I took the liberty to take it over as the patch contains parts for sw and sfx2.
Niklas, the patch also contains something for sc. Could you make a review? Thanks.
Comment 3 caolanm 2007-04-25 07:43:11 UTC
It's impractical for an outside contributer to know who actually *is* the
responsible developer for any given module.
Comment 4 Mathias_Bauer 2007-04-25 09:38:07 UTC
Understood. I recommend to send patches to the project lead of the selected
component. This will allow to handle the patch faster.
Comment 5 niklas.nebel 2007-04-25 11:19:00 UTC
SetEncodingByHTTPHeader isn't called from EditHTMLParser ctor if there are no
http header attributes, so this doesn't work in Calc.

Use of SfxObjectShell::Current is always a bit fragile, but I'll leave it to MBA
to judge that.
Comment 6 Mathias_Bauer 2007-04-25 11:33:44 UTC
Yes, using SfxObjectShell::Current() should be avoided where possible.
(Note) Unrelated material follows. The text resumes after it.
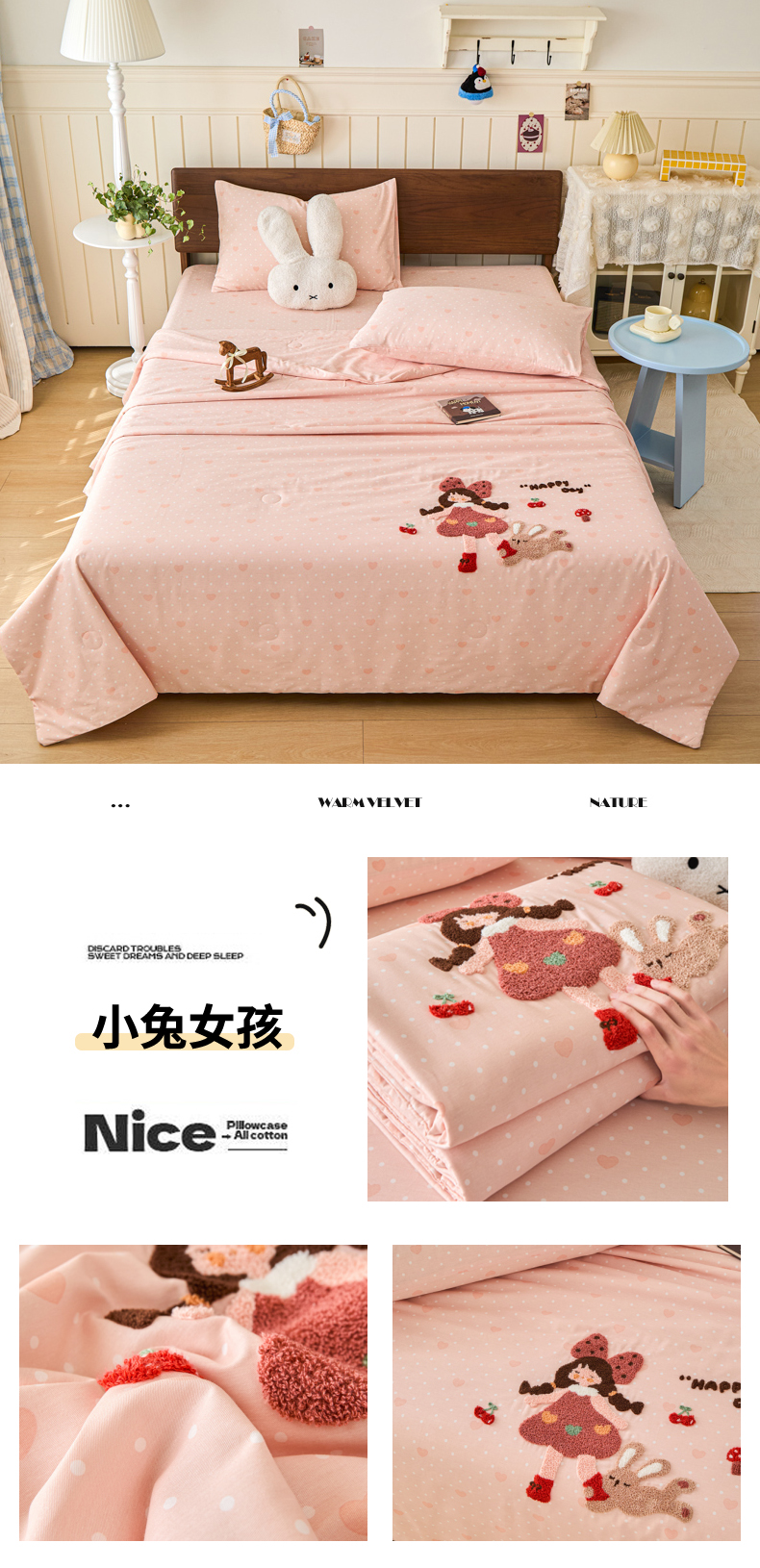 (总)倾慕家纺 2026新款全棉卡通毛巾绣系列单被套,彩虹马,格子小狗,欢乐企鹅,森林小熊,兔兔熊,小树恐龙,小兔女孩

Perhaps
we can generate the "fake" header outside the method
SfxHTMLParser::SetEncodingByHTTPHeader() where the ObjectShell() is known.
Comment 7 Mathias_Bauer 2007-05-14 09:24:24 UTC
target 2.3
Comment 8 Mathias_Bauer 2007-05-14 20:33:10 UTC
@cmc: can you point me to the code that should call the SFX code you added when
Calc is in play? I can't see it, sorry.
Maybe you forgot some code added to SfxObjectShell::GetHeaderAttributes()? This
is the only code left in Calc that is called in SFX2.
Comment 9 caolanm 2007-05-18 12:02:12 UTC
Created attachment 45215 [details]
I think I forgot to include this bit
Comment 10 caolanm 2007-05-18 12:05:09 UTC
i.e. have the editengine html parser ctor always call SetEncodingByHTTPHeader.
i.e handle the "draw" case as in comment #1

It's somewhat confusing to have different results for different apps, but I'm
easy as to "how" the differences between sd/sc/sw is resolved, so if there's
difficulty/overly ugliness with the approach taken here then feel free to unset
"patch".
Comment 11 Mathias_Bauer 2007-05-18 17:57:22 UTC
So the latest patch should be the addition that lets the code be executed in Calc?
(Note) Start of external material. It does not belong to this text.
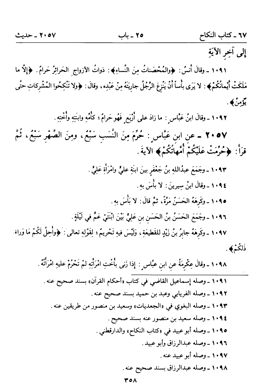 1092 - وقالَ ابنُ عَبَّاسٍ: ما زادَ على أرْبَعٍ فَهُو حَرامٌ؛ كأُمِّهِ وابنَتِهِ وأُخْتِهِ.

I still don't like the SfxObjectShell::Current. In fact this Objectshell can't
be the ObjectShell for loading, so the code you added to SFX2 in fact is the
same as if you had added faking the header always if none is given.
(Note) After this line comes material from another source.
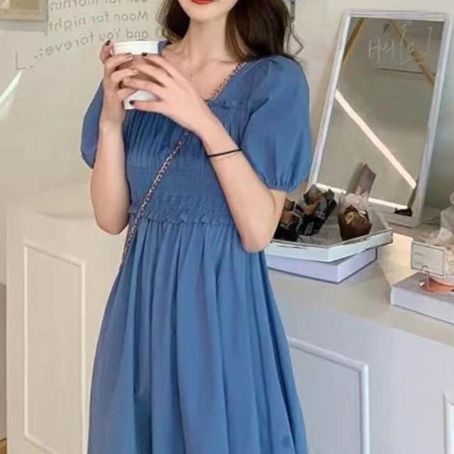 ワンピース ミドル丈 袖あり 半袖 スクエアネック Aライン ハイウエスト シャーリング かわいい 大人可愛い きれいめ シンプル カジュアル おしゃれ お洒落 レトロ こなれ感 ラブリー キュート エレガント とろみ感 抜け感 無地 春 夏 10代 20代 30代 40代 女性用 デート

I think we should move the decision whether a fake header should be used to the
place where the ObjectShell is known. I have attached an alternative patch.
Caolan, would you like to test if it works for you? I hope that I didn't
overlook something
Comment 12 Mathias_Bauer 2007-05-18 17:58:10 UTC
Created attachment 45227 [details]
Proposed alternative patch from mba
Comment 13 Mathias_Bauer 2007-05-18 18:06:00 UTC
Oops, the patch in sw is wrong. Patch corrected.
Comment 14 Mathias_Bauer 2007-05-18 18:17:45 UTC
Created attachment 45228 [details]
revised patch
Comment 15 Mathias_Bauer 2007-05-18 18:20:30 UTC
BTW: in case of Writer on Windows the new code wasn't used; Writer used UTF-8
anyway.
Comment 16 caolanm 2007-05-18 18:34:38 UTC
Hmm, isn't it the case that no one will free that returned SvKeyValueIterator*.
before it belonged to the xValues Ref ? And what about pasting such http
headless html text into draw/impress. They won't have a fakehtml header set for
the "paste from clipboard" case I think.

Maybe it would be better to just the ditch the whole fake header thing and
reverse the logic, i.e. in the SfxHTMLParser::SfxHTMLParser ctor set the default
html encoding to UTF-8 and add just
SetSrcEncoding(GetExtendedCompatibilityTextEncoding(RTL_TEXTENCODING_ISO_8859_1))
calls to the sc/sw html parsers for the "not coming from clipboard" case before
calling GetEncodingByHttpHeader with the real headers if any.
Comment 17 Mathias_Bauer 2007-05-18 18:58:42 UTC
Deleting should be easy as it can be deleted where it was created (as before in
Calc). I just forgot to add the line. :-[

For Draw/Impress: could be done the same way.

I don't know what will happen if we changed the default behavior. I tend to be
cautious with such changes. 

Perhaps this is something MIB or NN should answer.
Comment 18 Mathias_Bauer 2007-06-06 11:39:14 UTC
So overall I think we should tackle the problem differently. Caolan, do you
agree to reject the patch and set the issue to "DEFECT"?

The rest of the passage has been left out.